Stallings also has a command of structured forms like sonnets and quatrains. Although she has written traditional poems, she has used concepts put forth by the school of New Formalism with flexibility and free use of metrical substitution. Stallings is an expert at producing a variety of new combinations of rhyme, syntax, and meter, and synthesizing these aspects into unique and compelling verses. Unusual meter, colloquial language, and cadence have made her work novel among her contemporaries.Stallings exposes the timelessness of her poetic expression and relevance of antiquity through her graceful combination of form, content, and technical dexterity.

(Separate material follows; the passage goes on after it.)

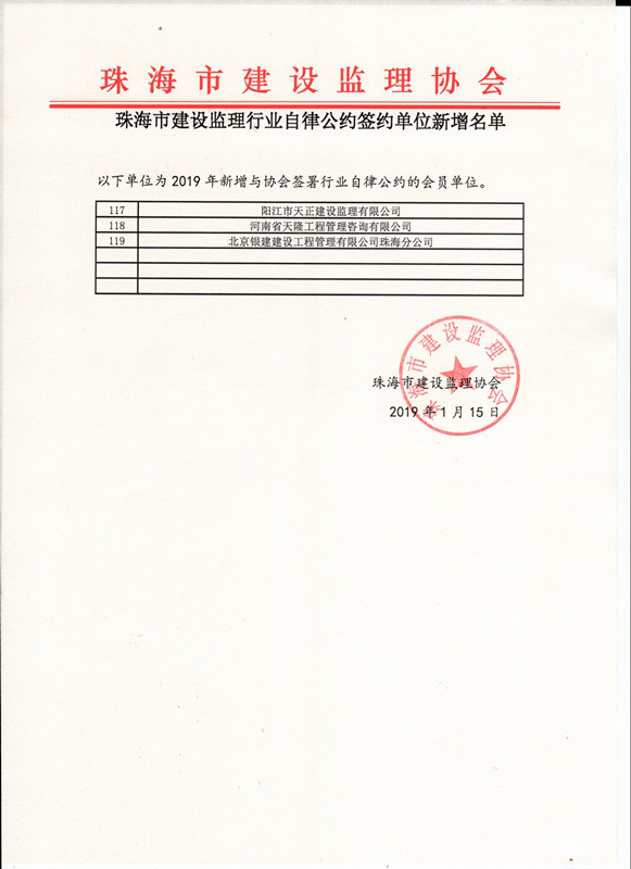 > 珠海市建设监理行业自律公约签约单位新增名单

Stallings connects her formalist tendencies with rhyme and humor. She perceives a large portion of her poems as witty, humorous, and sarcastic. Many of her poems were published after the death of her father in 2000, while she was battling with numerous physical, financial, and psychological challenges.
Her work has been positively compared to the works of Richard Wilbur and Edna St. Vincent Millay. Critics reviewed her book “Archaic Smile” as having strict metrical regularity. Publishers Weekly reviewed her collection “Olives” by expressing that they were awed by such poems. They described the poems as not composed as antiquated mythology, adding that when Stallings builds new narratives without using old ones she accomplishes a stark poise and restrained style that could undermine New Formalism standards. One of her most popular poems is “Recitative.”
More about Her
Stallings submitted her manuscript for publication almost 30 times before it received the Richard Wilbur Award, which was a completely new contest. This award encouraged Stallings to publish her second book. Her second book “Hapax” received the Poet’s Prize in 2008, along with getting her published in “The Best American Poetry.” She has received more than a dozen awards including the Eunice Tietjens Prize, a Pushcart Prize, the Howard Nemerov Sonnet Award in 2004, and the Willis Barnstone Translation Prize in 2010. She also won aGuggenheim Fellowship in 2011 and the MacArthur Foundation Fellowship. Her book “Olives” was awarded with the National Book Critics Circle Award in 2012.